熱は下がった。ところが、咳が止まらない。数日前には

「血痰が出た」

と報告を受けた。まあ、あれだけ咳が出れば気道のどこかが傷つき、血痰が出ることもあろう。だが、やや深刻ではある。
最初に処方された咳止め薬が切れ、私は妻女殿によってあの開業医に派遣された。同じ咳止め薬の処方箋を出してもらえというのである。いわれて開業医のドアを開いた私に、女医さんがいった。

「あれだけ薬を飲んで咳が止まらないのは心配だわ。他に処方する薬がないから仕方がないけど、医者としては病には効かない毒薬を処方しているような気分よ。早く大きな病院で見てもらった方がいいと思うけど」

こうして妻女殿は前橋日赤に電話をし、膠原病の定期検診の日取りを昨日に繰り上げてもらった。そう、昨日も2人で前橋日赤を訪れたのである。

事前に私は

「場合によったら、入院も考えて医者と話をしてこい」

と私の意見を伝えた。妻女殿によると、医者は

「とりあえず様子を見ましょう。あまり状態は良くないから、1週間後にまた来て下さい。その時に入院するかどうかを決めましょう。それまでの間に体調がおかしくなったら電話を下さい。場合によっては入院してもらいますから」

という趣旨を話したという。そして、処方したのは脊柱管狭窄症の薬だけだった。恐らく痛み止めである。であれば、一刻も早く服用したが良かろう。いつもは受診の翌日、私が薬局に行って大量の妻女殿向け処方薬を受け取るのだが、昨日ばかりは前橋日赤からの帰りに薬局に立ち寄り、処方薬を受け取った。

こうして今朝を迎えた。妻女殿は起き抜けに

「私、入院するわ」

とおっしゃった。昨夜も咳が止まらなかったらしい。自分で前橋日赤に電話をかけ、とりあえず救急外来に来いという返事をもらうと、入院用の荷造りをし(妻女殿は入院のプロである)、午前9時すぎに、前日と同じルートを辿って前橋日赤に行った。着いたのは10時すぎである。
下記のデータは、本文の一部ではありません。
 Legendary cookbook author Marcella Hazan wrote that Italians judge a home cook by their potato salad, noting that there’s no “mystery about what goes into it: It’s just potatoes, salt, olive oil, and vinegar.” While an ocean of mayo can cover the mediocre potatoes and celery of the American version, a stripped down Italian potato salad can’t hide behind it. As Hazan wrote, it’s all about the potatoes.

電話で話がついているのだから、すぐに入院の手続きをするのかと思っていた。しかし、そうは問屋が卸さなかった。採血、尿検査、問診、胸部レントゲン、CT撮影、と様々な手順が続き、入院が決まったのは午後1時半前である。両肺、中でも左の肺の下部に肺炎と思える影があるという。

「コロナウイルスがいま攻撃しているのか、それとも攻撃し終えて炎症が残った部分なのかは分かりませんが、いずれにしてもコロナによる肺炎です。入院していただいてこれを治療しなければなりません」

そうか、自力でコロナを退治したと思われていた妻女殿だが、そうではなかったか。膠原病で免疫抑制剤を飲み続けているから免疫力が落ちている。それも仕方ないのかも知れない。
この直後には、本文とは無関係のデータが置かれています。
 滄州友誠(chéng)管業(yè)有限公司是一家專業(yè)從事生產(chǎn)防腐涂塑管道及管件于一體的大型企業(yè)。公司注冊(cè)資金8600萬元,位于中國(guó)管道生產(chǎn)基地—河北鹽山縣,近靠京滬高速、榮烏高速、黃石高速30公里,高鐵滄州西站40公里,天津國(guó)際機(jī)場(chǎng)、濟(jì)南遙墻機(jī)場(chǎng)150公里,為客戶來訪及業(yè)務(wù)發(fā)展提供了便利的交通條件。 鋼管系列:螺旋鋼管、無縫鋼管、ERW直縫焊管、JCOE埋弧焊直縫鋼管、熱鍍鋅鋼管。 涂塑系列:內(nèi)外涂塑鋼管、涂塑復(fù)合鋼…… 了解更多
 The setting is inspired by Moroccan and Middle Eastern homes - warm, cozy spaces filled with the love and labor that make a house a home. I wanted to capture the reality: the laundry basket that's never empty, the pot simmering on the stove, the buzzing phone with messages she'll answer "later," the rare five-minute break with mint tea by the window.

入院。それは覚悟をしていた。でも、どれくらいの期間?

「治療にはステロイドの投与量を増やすしかありません。3〜4週間かかると思います」

えっ、20日から1ヵ月もかかるの? これは思いもよらなかった。入院してもせいぜい3,4日から長くても1週間だろう、と勝手に想像していたのである。その程度なら1人暮らしも楽しかろう。しかし、そんなに長くなるとすると、毎日の食事のメニューを考えるだけでも大変である。さて、どうしたらよかろう?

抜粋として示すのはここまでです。